Input data>

_ _ _ _

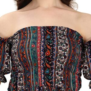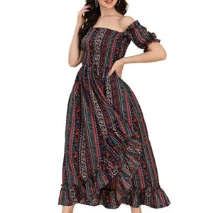 Offshoulder dress with puffed sleeves, smocked bodice and ruffles wrap skirt
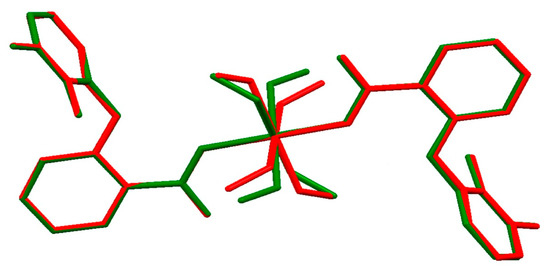 Superposition of structures 3 (red) and 4 (green). Hydrogen atoms and methanol O5 molecules in the outer coordination sphere are omitted for clarity.
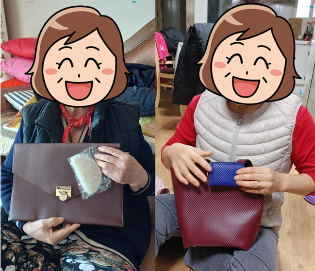한국노인인력개발원과 광주광역시 북구청의 도움을 받아 진행하는 구구팔팔공방사업단은 다양한 공예품을 어르신들께서 한 땀 한 땀 정성 들여 만들어 판매를 하거나 복지기관에 후원을 하고 있습니다. 지갑, 가방, 열쇠고리, 수세미 등을 전달받은 노인맞춤돌봄서비스 대상자 어르신들께서는 가죽이 짱짱하고 색이 예뻐서 친구들 만나러 갈 때 자랑해야겠다며 너무 좋아하셨습니다.

_ _ _ _

Activity>
Replicate the material above verbatim; images stay out of the copy.

Response to this exercise>
 Offshoulder dress with puffed sleeves, smocked bodice and ruffles wrap skirt
 Superposition of structures 3 (red) and 4 (green). Hydrogen atoms and methanol O5 molecules in the outer coordination sphere are omitted for clarity.
한국노인인력개발원과 광주광역시 북구청의 도움을 받아 진행하는 구구팔팔공방사업단은 다양한 공예품을 어르신들께서 한 땀 한 땀 정성 들여 만들어 판매를 하거나 복지기관에 후원을 하고 있습니다. 지갑, 가방, 열쇠고리, 수세미 등을 전달받은 노인맞춤돌봄서비스 대상자 어르신들께서는 가죽이 짱짱하고 색이 예뻐서 친구들 만나러 갈 때 자랑해야겠다며 너무 좋아하셨습니다.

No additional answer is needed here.